Это оказался бланк расшифровки строго секретной депеши с заголовком «Москва ЦК ВКП(б) тов. Сталину, тов. Берии», входящий номер 742. И ниже — будничный бюрократический текст, отпечатанный на видавшей виды машинке со сбитой лентой и подскакивающими буквами: «Ввиду засорённости края право-троцкистскими и кулацко-белогвардейскими элементами просим ЦК разрешить дополнительные лимиты по первой категории на 1 тыс. человек, по второй категории на 5 тыс. человек. Секретарь крайкома Карнаухов».

Я аккуратно сложил бумажку и щёлкнул её по столу обратно Кобе.

— Тысячу на расстрел, пять — в трудовой спецконтингент, — сказал Коба, глядя на меня даже с некоторым любопытством.

Я молчал. Досчитал до десяти. Потом до двадцати. Попробовал варенья: вкусно. Прихлебнул чаю: уже не жгло.

— У Лаврентия на объектах вечно рабочих рук не хватает, — проворчал Коба. — Смертность в среднем по лагерям мы всё-таки понизили, но объём работ-то растёт… А ты мне про рамки.

— А по первой категории зачем столько? — всё же не выдержал я. — Хороший способ строить нормальную жизнь для работящих ребят, а, Коба?

Он со свистом вдохнул и выдохнул воздух носом.

— Маркс чего-то недодумал, — признался он. — У Ильича на это, наверное, просто времени не хватило, помер, а может, и мозгов.
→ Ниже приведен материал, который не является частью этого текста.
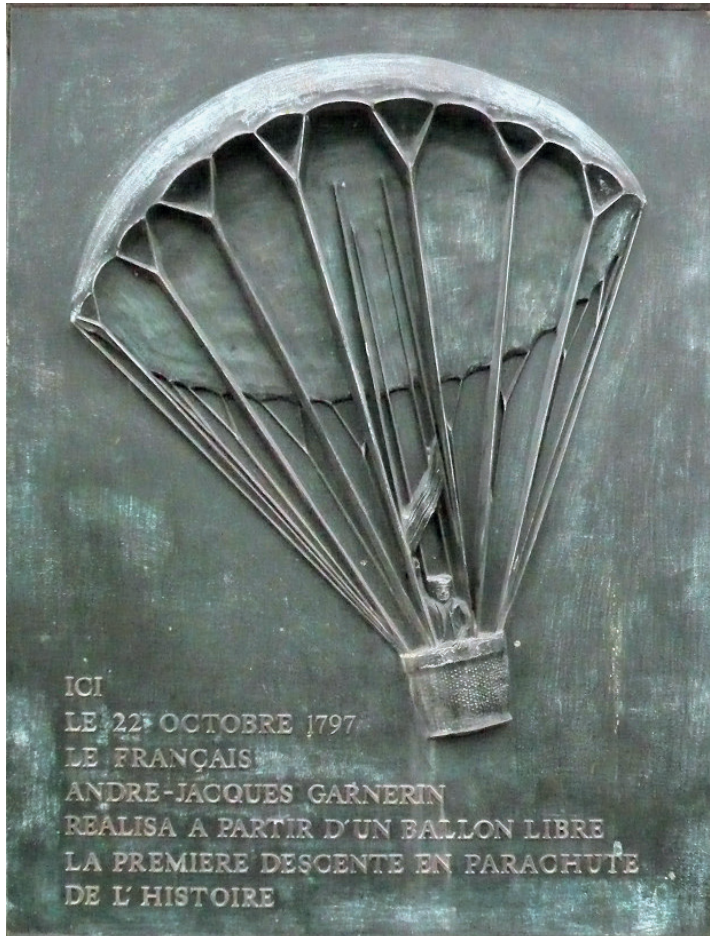
Figure 1. Bronze plaque installed in the Parc Monceau, in Paris, in 1997, at the spot where Garnerin landed.

chimney, i.e. a circular hole, at its center. Therefore, the air could only escape through the leading edges, which caused turbulence that was near fatal to the parachutist, and could have marked the end of this invention. Fortunately, Garnerin reached the ground unharmed; and the parachute, subsequently modified with the necessary improvements, obtained its long-lasting success with which we are familiar.

Лейба, сучонок, ему все извилины заплёл своими трудармиями и вообще идеей, что взявшие власть большевики должны относиться к России, как колонизаторы к покорённой стране дикарей. А это же вопрос вопросов. Ради чего человек работает? При капитализме — ради денег. Бедный — чтобы с голоду не сдохнуть, а кто посостоятельней — чтобы всех обскакать, стать вовсе богатым, сидеть на золотом унитазе и об окружающих ноги вытирать. Стимул — самоутверждение, индивидуализм. Это отвратительно, но это понятно. А у нас? Понятия не имею. Нигде не написано. Мы как кур в ощип попали. И получается, что пока мы этого не поняли, остаётся только один стимул. Вернее, два. Накрепко связанные один с другим. Воодушевление и страх. На одних лучше действует воодушевление, но это самые замечательные люди, а таких всегда меньшинство. Молодёжь мы так воспитываем. И, может, ей страх уже будет не нужен. Потому я и долдоню вам каждый день: мир дайте, мир! Дайте время, чтобы они в возраст вошли, своих детей завели и воспитали уже сами, взяли дела в свои руки… Если их вот сейчас выбьют, останутся только те, кто, коли не дают надежды разбогатеть, работать может только со страху. А сколько можно такое длить? — он с отвращением отмахнул шифровку ладонью по столу, и та спорхнула на пол. — Вот о чём надо думать… Вот бы чем заняться: открыть, ради чего человек при социализме работает. Но ведь не дают спокойно разобраться, тормошат по пустякам. То война, то блокада, то санкции какие-нибудь…

Он поднялся. Наискось пошёл по комнате и, на миг заслонив головой красный глаз звезды на башне, взял с подоконника трубку. Принялся раскуривать. Френч опять съехал, и Коба опять дёрнул плечом.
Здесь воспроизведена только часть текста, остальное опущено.